Войдя, он захлопнул дверь перед самым ее лицом и закрыл на ключ.
В комнате был беспорядок и полумрак. Края опущенных штор светились, будто расшитые золотом, и только по этому можно было догадаться, что на дворе день и солнце. Комната сегодня еще не проветривалась, и воздух был полон множеством запахов, сладких и кисловатых.
Оставшись один, Талдыкин прежде всего медленно пошел между стульев к зеркалу.
В комнате стоял сумрак, и лицо Талдыкина, отразившееся в зеркале, казалось бледным. Талдыкин считал, что бледность идет ему. Долго с наслаждением разглядывал он себя, то приближаясь к стеклу, то удаляясь. Разглядывать себя было для него привычным, любимым занятием, на которое он тратил часто по нескольку часов подряд. Когда он смотрел в зеркало, его покидали все посторонние мысли.
Взяв со стола гребешочек Александра Григорьевича, он еще раз любовно взбил на голове волну. Взгляд его упал на флакончик с одеколоном. Он открыл флакончик, вылил немного одеколона себе в горсть и вытер ладонью лицо. Жаль, что он не захватил с собой никакой бутылочки, а то можно было бы отлить себе одеколона про запас.
Потом подошел к письменному столу и попробовал выдвинуть ящики. Но все ящики были заперты на ключ. Тогда он попытался открыть платяной шкаф. Но и шкаф был заперт. Он влез на стул и стал шарить на верхушке шкафа. Руки его погрузились в мягкую пыль. Он и тут ничего не нашел. Вытерев пальцы о брюки, он соскочил со стула.
Он и сам по знал в точности, чего ищет. Его попросту разбирало любопытство. Раз уж ему удалось сюда попасть, он не уйдет с пустыми руками. В этой комнате могло быть много интересного.
Пошарив под столом, под шкафом, он остановился возле подоконника и приподнял бахрому шторы. Большие квадратные руки его на мгновение озарились солнцем.
На подоконнике в углу лежала круглая печать обычного канцелярского вида.
Печать!
Это вещь деловая, это нужная вещь. С печатью можно очень многое, печать всегда пригодится. Всякая бумажонка получает вес, если на ней есть печать.
Печать!
Талдыкин схватил ее, поднес к стеклу, отгибая штору головой, и попробовал рассмотреть, что на ней вырезано.
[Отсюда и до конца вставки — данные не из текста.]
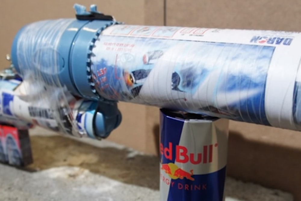 A battery in the “gun” runs an electric current through a piece of wire when the trigger is pulled, melting the condom with heat. The water from the condom mixes with the lithium, and that reaction heats up the deodorant can so quickly that it explodes, forcing the “shot” - in this case, pennies - out of the rolled-up magazine barrel.

Но печать была слишком грязна, и он ничего не разобрал. Тогда он поднес синий кружочек ко рту и стал дышать на него. Затем быстро прижал его к самой середине своей ладони.
На ладони кружочек отпечатался превосходно. В центре стояла надпись: Правление. Под надписью скрещенные серп и молот. Буквы по краям были сбиты и вышли неясно. Талдыкин разглядел только РСФСР и еще одно слово — Центральный. Впрочем, сбитые буквы тоже достоинство. Печать, которую трудно разобрать, много лучше печати, которую разобрать легко.
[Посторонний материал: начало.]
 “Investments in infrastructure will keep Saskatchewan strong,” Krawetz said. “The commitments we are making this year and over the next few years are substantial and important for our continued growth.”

Талдыкин сунул печать в карман. Он был доволен и возбужденно прошелся раза три по комнате из конца в конец, с грохотом задевая стулья. Мечты шныряли в его мозгу.
Потом он повалился в неубранную постель Александра Григорьевича. После чая голова прошла, но хотелось полежать. Он был рад, что не служит и может валяться, когда ему вздумается. В квартире было тихо. Талдыкин закрыл глаза и уснул.
Когда он проснулся, края штор уже потухли — солнце теперь озаряло другую стену дома. Талдыкин нащупал в кармане печать и с удовольствием посмотрел на свою левую ладонь. Потом вскочил, опять поправил перед зеркалом волну и вышел из комнаты.
— Ты обещала мне денег, — сказал он ласково.
Он поцеловал Анну Мироновну в лоб.
Анна Мироновна ушла к себе в спальню. Он стоял в коридоре и слушал, как шлепали ее шаги. Она вынесла ему два червонца.
Талдыкин вышел на лестницу и захлопнул за собою дверь. Можно теперь пойти пообедать, сыграть.
Талдыкин возвращался домой на закате. Закат был красен, жарок и угрюм. Он шел прямо ему навстречу.
Пылали вершины липок на заводской улице, пылали крыши, стекла, мостовые, и среди этого пламени черным столбиком двигался Талдыкин, расстегнув пиджак и засунув руки в карманы.
На лице его тоже был отсвет горящего неба, и пластырь над глазом светился, как темный рубин.
Он осторожно обернулся и заглянул в переулочек, где давеча перерезал канат. Там было уже все исправлено.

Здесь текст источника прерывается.